━━━━━ RECORDS SHOWN ━━━━━

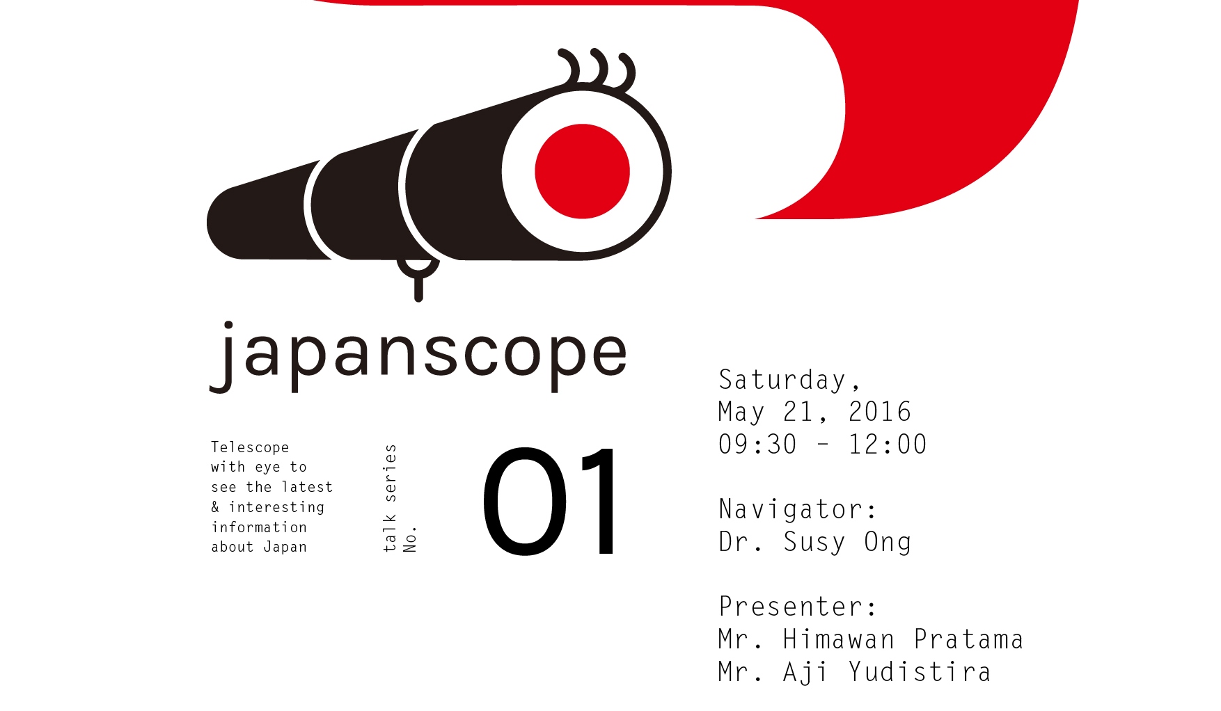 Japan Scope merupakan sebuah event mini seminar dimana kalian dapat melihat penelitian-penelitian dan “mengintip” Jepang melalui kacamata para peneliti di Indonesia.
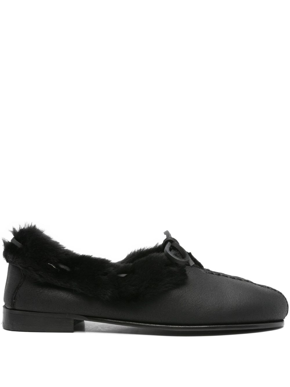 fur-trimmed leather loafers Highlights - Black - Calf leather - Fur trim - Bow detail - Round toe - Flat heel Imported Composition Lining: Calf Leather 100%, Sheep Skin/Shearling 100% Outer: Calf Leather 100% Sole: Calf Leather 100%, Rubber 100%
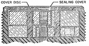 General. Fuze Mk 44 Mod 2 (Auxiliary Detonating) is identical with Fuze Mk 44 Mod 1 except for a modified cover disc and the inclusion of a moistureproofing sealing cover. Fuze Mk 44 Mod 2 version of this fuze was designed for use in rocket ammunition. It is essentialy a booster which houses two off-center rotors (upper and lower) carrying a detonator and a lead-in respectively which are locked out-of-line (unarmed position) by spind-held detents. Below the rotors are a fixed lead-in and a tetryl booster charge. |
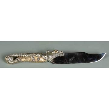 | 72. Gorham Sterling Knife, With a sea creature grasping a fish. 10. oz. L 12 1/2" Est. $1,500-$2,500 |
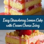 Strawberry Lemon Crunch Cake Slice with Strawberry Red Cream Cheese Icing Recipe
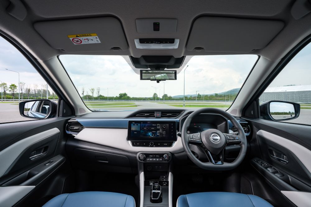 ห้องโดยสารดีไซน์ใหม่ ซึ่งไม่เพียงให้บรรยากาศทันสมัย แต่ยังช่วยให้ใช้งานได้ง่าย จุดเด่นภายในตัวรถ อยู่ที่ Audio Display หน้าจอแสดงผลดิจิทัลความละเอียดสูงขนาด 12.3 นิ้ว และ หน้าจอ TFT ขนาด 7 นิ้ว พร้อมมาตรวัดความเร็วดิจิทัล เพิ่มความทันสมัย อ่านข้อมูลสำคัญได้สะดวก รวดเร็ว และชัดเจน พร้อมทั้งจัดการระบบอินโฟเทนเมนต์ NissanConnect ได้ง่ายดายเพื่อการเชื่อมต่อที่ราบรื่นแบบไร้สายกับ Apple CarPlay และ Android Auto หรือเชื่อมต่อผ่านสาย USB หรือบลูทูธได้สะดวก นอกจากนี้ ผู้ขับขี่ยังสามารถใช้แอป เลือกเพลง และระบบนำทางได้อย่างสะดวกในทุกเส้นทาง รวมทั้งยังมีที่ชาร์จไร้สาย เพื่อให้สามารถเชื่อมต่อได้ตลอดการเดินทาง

━━━━━
━━━━━ RECORDS SHOWN ━━━━━

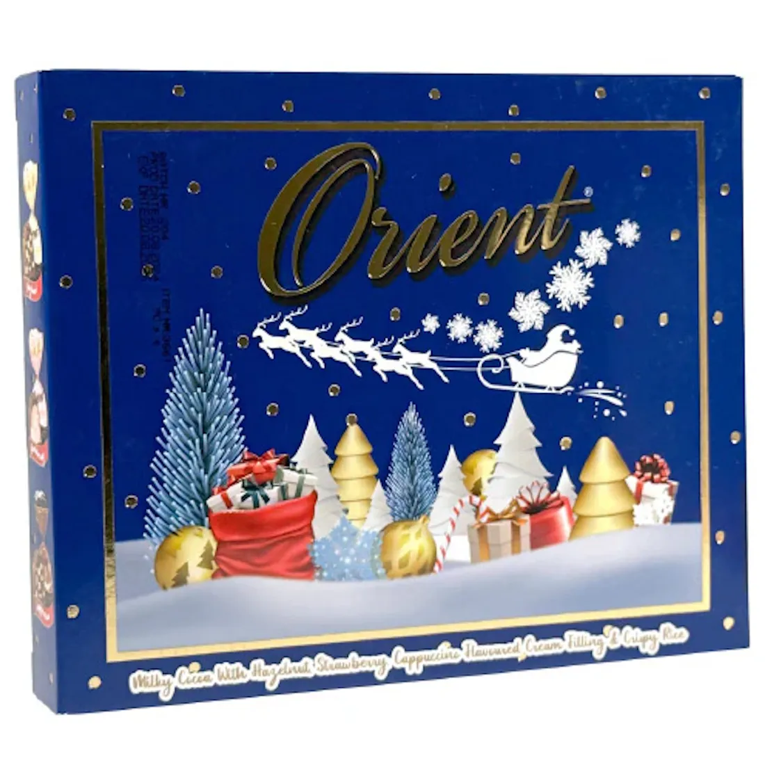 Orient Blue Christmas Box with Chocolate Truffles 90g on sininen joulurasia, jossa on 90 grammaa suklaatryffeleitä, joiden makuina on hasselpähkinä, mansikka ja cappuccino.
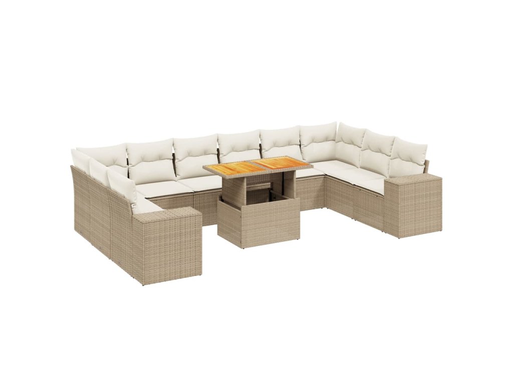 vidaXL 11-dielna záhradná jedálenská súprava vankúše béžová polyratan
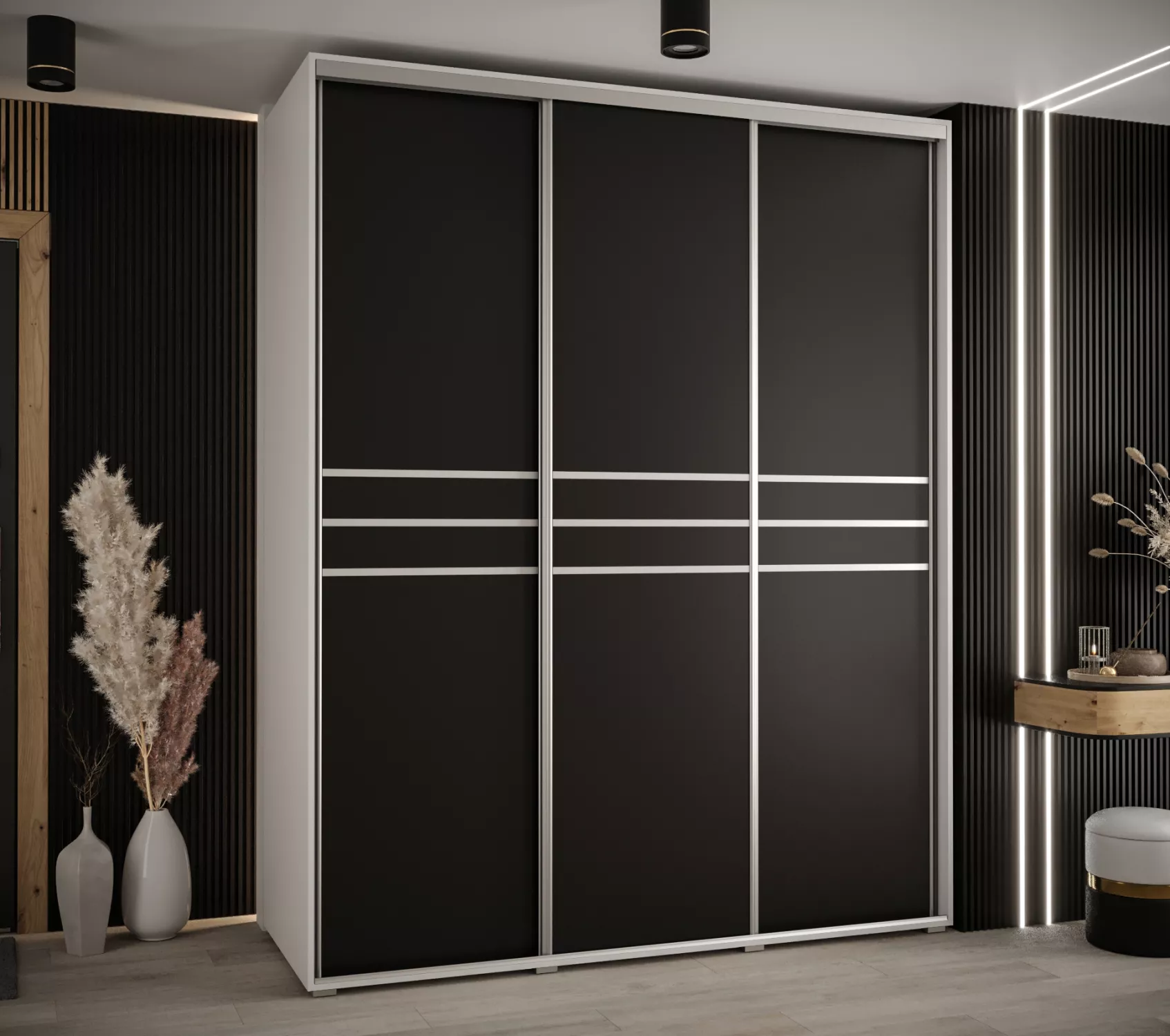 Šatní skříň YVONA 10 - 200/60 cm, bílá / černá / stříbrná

━━━━━
━━━━━ RECORDS SHOWN ━━━━━

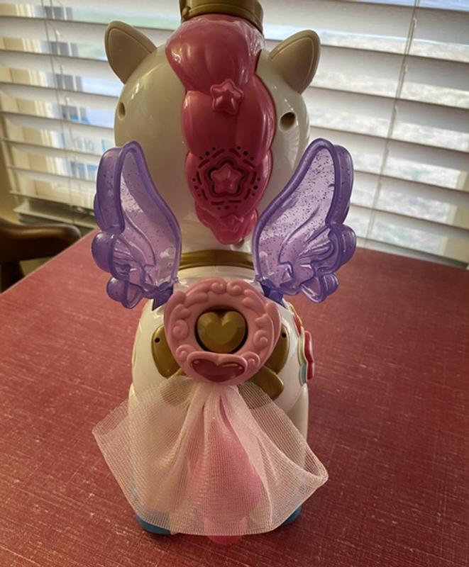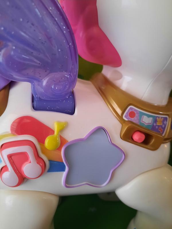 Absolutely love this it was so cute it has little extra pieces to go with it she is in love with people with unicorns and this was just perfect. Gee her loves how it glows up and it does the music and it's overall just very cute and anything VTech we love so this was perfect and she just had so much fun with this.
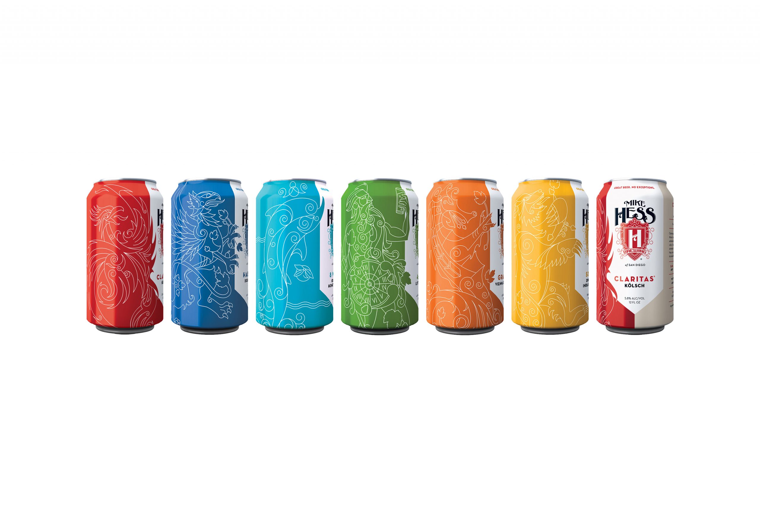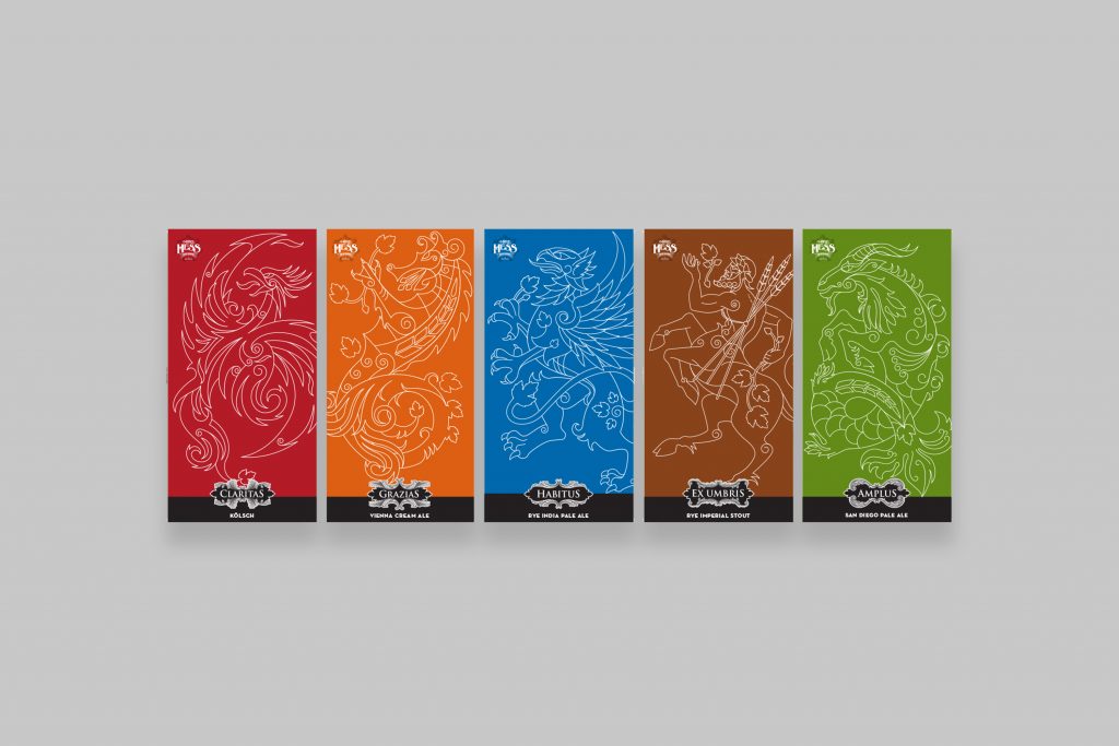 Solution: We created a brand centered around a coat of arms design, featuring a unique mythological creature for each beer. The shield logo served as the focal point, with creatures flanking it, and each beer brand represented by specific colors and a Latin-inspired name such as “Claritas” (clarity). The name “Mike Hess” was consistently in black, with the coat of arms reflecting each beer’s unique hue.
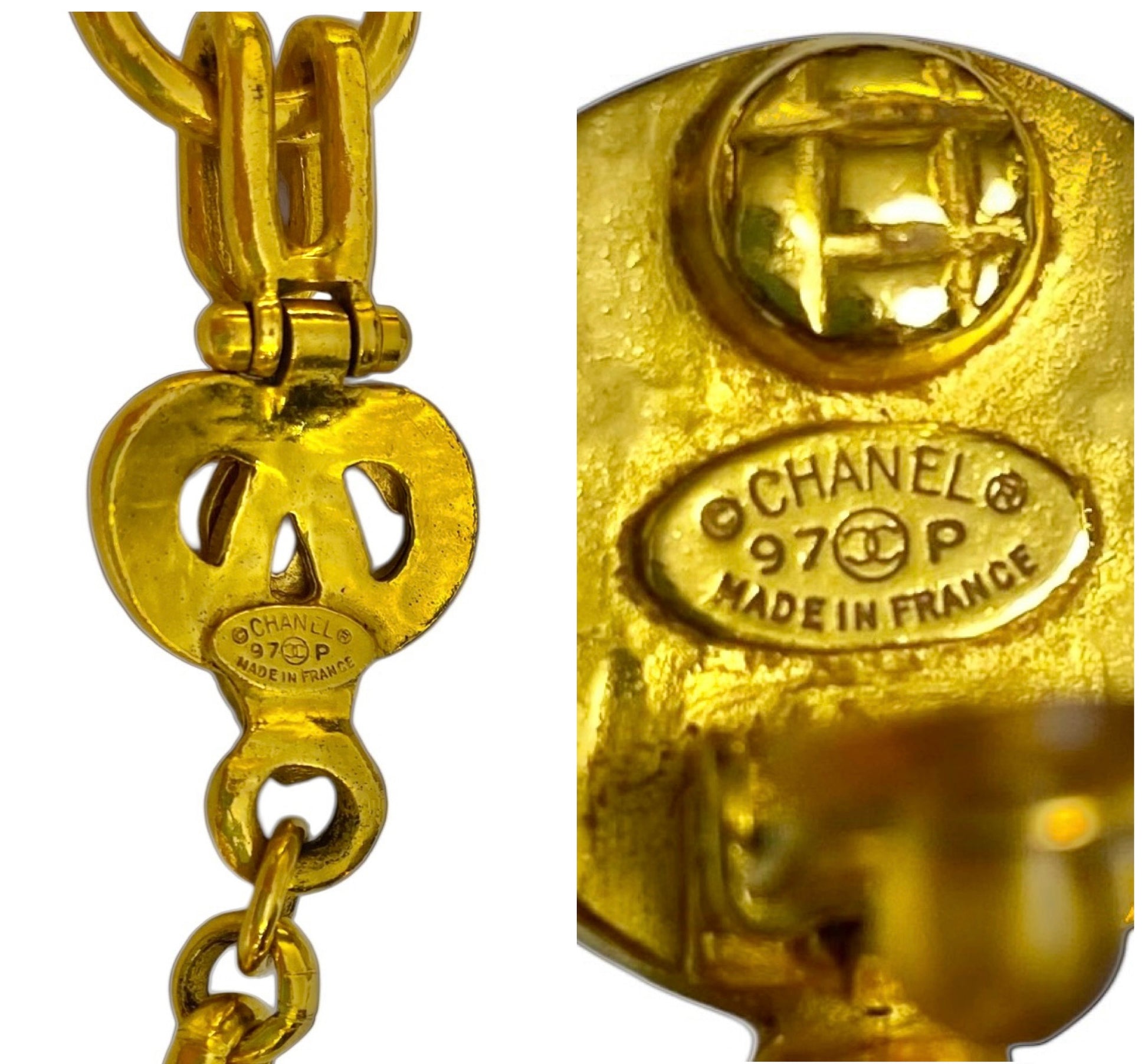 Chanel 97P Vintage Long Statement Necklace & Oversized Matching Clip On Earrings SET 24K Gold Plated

━━━━━

» WHAT IS BEING ASKED
Everything from the line above that contains "Japan Scope merupakan" down to the line that contains "fur-trimmed leather loafers" must be reproduced exactly, both ends included. Omit the pictures.

» TASK RESULT
 Japan Scope merupakan sebuah event mini seminar dimana kalian dapat melihat penelitian-penelitian dan “mengintip” Jepang melalui kacamata para peneliti di Indonesia.
 fur-trimmed leather loafers Highlights - Black - Calf leather - Fur trim - Bow detail - Round toe - Flat heel Imported Composition Lining: Calf Leather 100%, Sheep Skin/Shearling 100% Outer: Calf Leather 100% Sole: Calf Leather 100%, Rubber 100%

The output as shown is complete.